The programs here are written in C++, using the CWEBx system of software documentation. Links are provided to the tangled (directly compilable) sources and the generated documentation in PDF format, so to use and inspect the programs it is not necessary to install the CWEBx system.

Combing lattice paths to obtain tilings of the Aztec diamond

CWEBx source file aztec.w
Tangled source file aztec.cpp
Woven documentation aztec.pdf

This program will apply the algorithm described in the paper "A bijection proving the Aztec diamond theorem by combing lattice paths", either on a random array of bits to generate a random path family, or exhaustively on all possible such data of a given order; it also runs the reverse algorithm checking that it recovers the initial data. It can produce PostScript data depicting the path family produced, and optionally several intermediate stages, and the corresponding Aztec diamond tiling. The program is a command line program taking its arguments from the command line. Assuming the executable program is named aztec, the calling syntax is

  aztec [OPTIONS] ORDER [FILE]

where ORDER is the order of the Aztec diamond to consider (a nonnegative number; the path family will contain one more path than this). The final argument FILE is a base for the name of the PostScript file to be produced; the program will automatically add "-ORDER.ps" to it. If no FILE argument is given but PostScript output is requested, it will be written to the standard output. The default is to output one randomly generated path family of the given order, but this can be modified by options. The possible options are

-x Do exhaustive generation in given order, while suppressing PostScript output; just report success or failure of executing the algorithm and inverting it
-X Do exhaustive generation, and produce (potentially massive) PostScript output
-t Produce (also) output of the completed configuration as a tiling of the Aztec diamond
-n Suppress output of a path family
-s NUM Write, to the PostScript output, NUM intermediate snapshots during the algorithm, done at more or less equally spaced times when complete columns have been made disjoint, the first snapshot being at the very beginning. Setting this option also causes "-NUM" to be inserted into the file name produced, just before the dot. An alternative syntax for setting this option is to specify ORDER in the form n/s where n is the order and s the number of snapshots.
-c NUM Write, to the PostScript output, in detail the stages during which column number NUM is made disjoint and obtains its final value; this happens after the path with the same number is taken into consideration.
-r NUM Set the random seed to NUM, so that reproducible output can be generated.

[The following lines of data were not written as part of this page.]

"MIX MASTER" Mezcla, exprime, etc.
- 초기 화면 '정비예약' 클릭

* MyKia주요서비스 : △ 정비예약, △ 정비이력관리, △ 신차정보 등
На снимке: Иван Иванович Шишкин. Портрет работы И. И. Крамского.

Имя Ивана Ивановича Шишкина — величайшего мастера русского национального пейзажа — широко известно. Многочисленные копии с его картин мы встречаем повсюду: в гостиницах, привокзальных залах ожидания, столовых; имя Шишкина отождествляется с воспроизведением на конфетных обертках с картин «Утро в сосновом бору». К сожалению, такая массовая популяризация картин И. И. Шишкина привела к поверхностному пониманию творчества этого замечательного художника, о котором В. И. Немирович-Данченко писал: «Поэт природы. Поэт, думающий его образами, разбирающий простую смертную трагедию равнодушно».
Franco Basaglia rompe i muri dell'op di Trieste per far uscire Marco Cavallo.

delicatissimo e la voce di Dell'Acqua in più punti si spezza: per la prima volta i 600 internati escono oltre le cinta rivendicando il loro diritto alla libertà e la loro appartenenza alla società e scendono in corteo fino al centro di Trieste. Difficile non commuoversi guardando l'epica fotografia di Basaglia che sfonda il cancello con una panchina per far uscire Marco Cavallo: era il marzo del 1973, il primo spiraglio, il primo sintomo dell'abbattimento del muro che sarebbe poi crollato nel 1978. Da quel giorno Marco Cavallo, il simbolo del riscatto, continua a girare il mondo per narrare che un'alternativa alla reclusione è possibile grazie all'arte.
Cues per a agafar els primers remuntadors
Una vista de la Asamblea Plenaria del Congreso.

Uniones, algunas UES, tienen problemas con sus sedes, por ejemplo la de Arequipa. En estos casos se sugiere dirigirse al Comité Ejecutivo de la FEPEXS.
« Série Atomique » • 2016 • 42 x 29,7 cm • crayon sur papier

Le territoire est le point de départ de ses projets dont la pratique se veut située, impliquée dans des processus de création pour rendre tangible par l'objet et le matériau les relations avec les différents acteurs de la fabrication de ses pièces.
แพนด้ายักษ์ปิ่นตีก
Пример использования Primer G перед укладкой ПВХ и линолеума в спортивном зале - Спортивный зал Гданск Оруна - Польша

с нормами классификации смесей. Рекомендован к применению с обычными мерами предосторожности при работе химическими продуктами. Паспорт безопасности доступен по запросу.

A bijection between partitions of n and strict partitions of 2n whose diagram is black/white balanced

This is a small Python program that computes the bijections described in these MathOverflow and Math.StackExchange answers. They are between partitions of n on one hand and on the other hand strict partitions of 2n with empty 2-core, where the latter means that the diagram when coloured in a checkerboard fashion has as many black as white squares, or equivalently that the odd parts of the partition (which are even in number) occupy as many odd as even positions.

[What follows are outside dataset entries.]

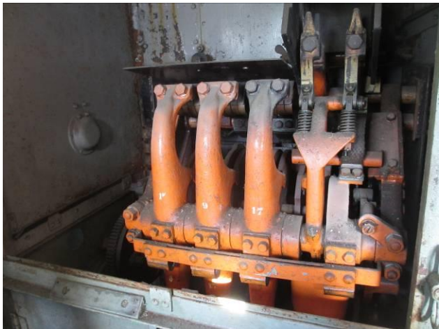
Diese MFO-Stufenschaltung sollte sichtbar bleiben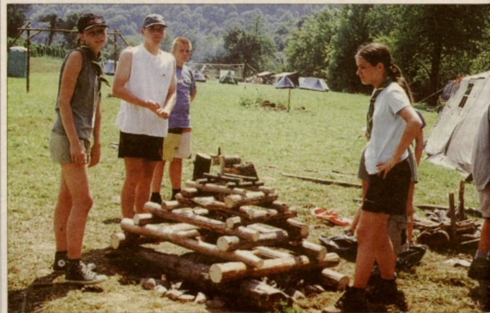
Fagoda je slavnostni ogenj in je v ponos tistim, ki jo postavljajo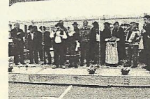
La troupe entonnant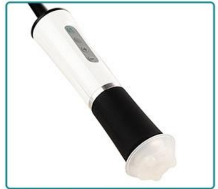
CO2 Oxygen Technology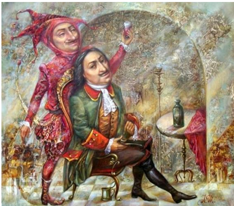
Рис. 19. Шуты Анны Иоанновны. Художник неизвестен

Что касается личных качеств, то Анну Иоанновну отличали живость характера и склонность к развлечениям. Судя по сохранившейся переписке, Анна Иоанновна представляла собой классический тип барыни-помещицы. Она любила быть в курсе всех сплетен, личной жизни подданных, собирала вокруг себя много скоморохов, рассказчиц, шутов и болтушек, которые потешали её, а также различных калек и уродцев.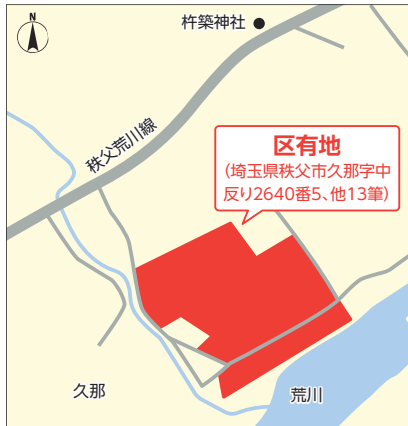
▶ 交通 ：秩父鉄道浦山口駅から徒歩30分

▶ 面積 ：7,891.85㎡▶ 最低売却価格 ：200万円▶ 用途地域など ：非線引き都市計画区域(用途指定なし)、河川区域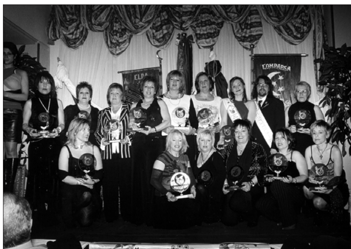
La escuadra «Marezun» recibió el premio a la mejor de las fiestas 2003

Las escuadras realistas premiadas en las fiestas de 2003 recibieron los trofeos de la comparsa: «Saudí Negros», la femenina «Marezun» que cumple 25 años y «Los Peques», en la

Python source file blowup.py

This is my very first Python program, so it might contain things that are frowned upon by the Python community.

The forward direction is computed by double_strict using edge sequences, and also by to_double using the more direct approach of the StackExchange answer (the two functions should produce the same results). Similarly the reverse direction (which is actually the one described in the answers) is computed by undouble using edge sequences, and also more directly by by to_plain.